The National Party, sometimes known as the Ghazni Party according to British reports, was a significant political party and a loyalist militant organization in Afghanistan that rose throughout the Second Anglo-Afghan War in opposition to the British invasion of Afghanistan, and to restore the former deposed Emir Mohammad Yaqub Khan. Although Mohammad Musa Khan was proclaimed emir following the former's deposition, real authority was exercised de facto by leading commanders of this party. Musa Khan, being only 11 years of age, did not actively participate in governance, as his leadership decisions were effectively made by his following advisors.

== Background ==
Following the outbreak of the Second Anglo-Afghan War on 21 November 1879 and the natural death of former Emir Sher Ali Khan, the latter's son Mohammad Yaqub Khan was proclaimed as Emir in Kabul, and decided to initiate a peace treaty with the British to put an end to the war. However, this was later reversed following the anger of Afghan rebels who had felt that such an action brought humiliation to the country's name, and would not accept a feudatory of the British Crown.

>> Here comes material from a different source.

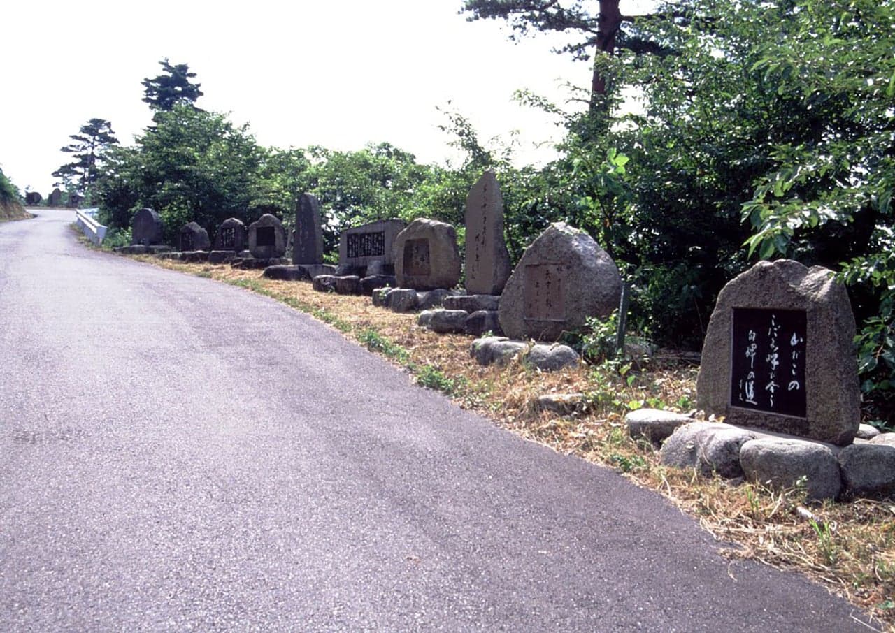 出湯口から村杉口までの約5kmに、250余りの歌碑や句碑が並ぶ林道です。

Mohammad Yaqub's rebels later stormed the British residency in Kabul, killing 75 British-Indian soldiers in action. This later angered the British, leading them to depose Mohammad Yaqub Khan, and later ultimately led to a British occupation of Kabul.

== Foundation ==
The National Party was then created after the deposition of Mohammad Yaqub Khan, represented by several leaders of equal status that involved rebels from different parts of Afghanistan that initiated a national uprising altogether, featuring Mohammad Musa Khan, the former's son and successor, and de jure Emir of Afghanistan, with the guidance and supervision of Din Mohammad Andar.

== Decline ==
Following Abdur Rahman Khan's accession to the Afghan throne and complete British withdrawal from Afghanistan by April 1881, the National Party dissolved.